Scaling these variables will have multiple effects for our model:
- it will make sure that `installment` does not outweigh `int_rate` just purely based on it's scale
- the smaller values will make our model computationally more efficient
- it will increase the interpretability of feature coefficients

In [None]:
#define x & y because we don't wanna scale our target
from sklearn.model_selection import train_test_split

X = loans_df.drop(columns='loan_amnt')

y = loans_df.loan_amnt

#train_test_split
X_train, X_test, y_train, y_test = train_test_split(X, y, test_size=0.3, random_state=42)

In [None]:
from sklearn.preprocessing import StandardScaler
import matplotlib.pyplot as plt

# Instanciate StandarScaler
scaler = StandardScaler() 

# Fit scaler to data
scaler.fit(X_train)

# Use scaler to transform data
X_train_scaled = scaler.transform(X_train) 

# create df to show output
X_train_scaled_df = pd.DataFrame(X_train_scaled, columns = scaler.get_feature_names_out())

X_train_scaled_df.head()

Now let's check `int_rate` and `installment` again. You see that while the distribution remained the same, the scale changed right?

In [None]:
plt.hist(X_train_scaled_df['int_rate']);

In [None]:
plt.hist(X_train_scaled_df['installment']);

### Check performance

Now let's check the difference in performance. For this we'll use a new model!

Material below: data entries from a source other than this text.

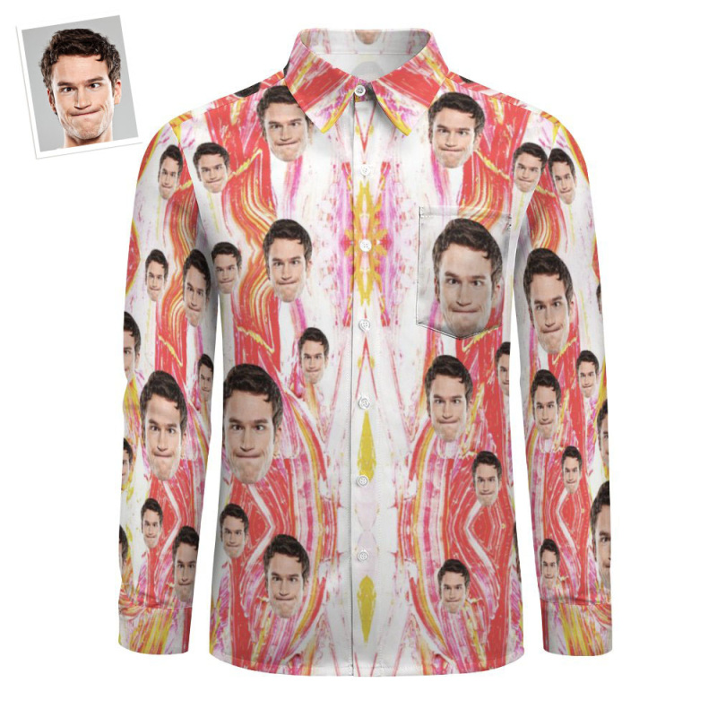 Custom Face All Over Print Large Long Sleeve Shirt Abstract Paint Brush Texture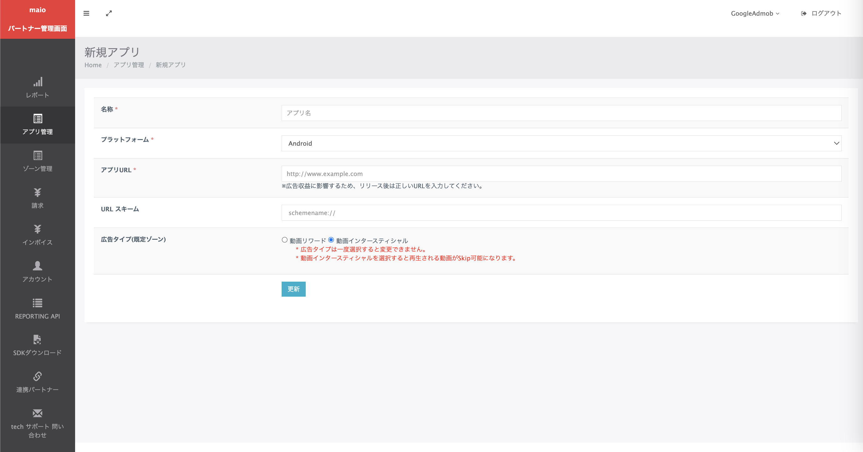 ป้อนชื่อแอป เลือกแพลตฟอร์ม และระบุURL ของแอป เลือกโฆษณาวิดีโอคั่นระหว่างหน้าเป็นประเภทโฆษณา แล้ว คลิกอัปเดต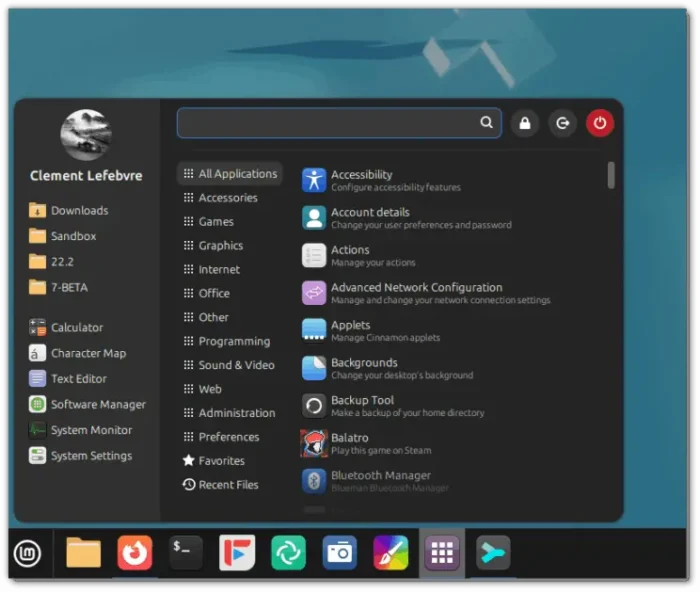 First, the Cinnamon menu is redesigned. As you see in the screenshot above, it features a left sidebar that displays user avatar, places (user folders), and favorite apps. While, user has the choice to disable any of them, and even disable the whole side-bar.

K-Nearest Neighbors (KNN) is a non-linear, distance based model capable of solving both regression and classification tasks.

*   Looks at K closest samples to make a prediction
*   Up to us to determine K (hyperparameter)



![img](https://docs.google.com/uc?export=download&id=1zPhJFC1Y4rUcHIRbhyAWRs3I8924Pp-_)

![img](https://docs.google.com/uc?export=download&id=1tJgdoNwaZ8IzhyUNUQtyUSry5L3SvUFr)

![img](https://docs.google.com/uc?export=download&id=1XdHcWnahZQKEaa9w7SUGVvYPG3wjUGkd)

![img](https://docs.google.com/uc?export=download&id=1MOWK38ksmco27lv95UEEV8Ynk23WUIKC)

![img](https://docs.google.com/uc?export=download&id=1-fkfQ4OHTX2fjfdWxZz_Z7i6V9fjp13b)

![img](https://docs.google.com/uc?export=download&id=1wEKxO0BZ_-ZQpb2V7qfUsFCg_AiFCUyd)

Let's first run a regression with our unscaled variables:

In [None]:
from sklearn.neighbors import KNeighborsRegressor

knn = KNeighborsRegressor()

knn.fit(X_train, y_train)

knn.score(X_test, y_test)

Now let's run one with our scaled variables to see the difference in performance

In [None]:
knn.fit(X_train_scaled, y_train)

X_test_scaled = scaler.transform(X_test)

knn.score(X_test_scaled, y_test)

The score was already quite high for our initial model but you do see a clear increase by doing the scaling. Since most models are based on some kind of distance.. scaling will help to improve the performance of those models.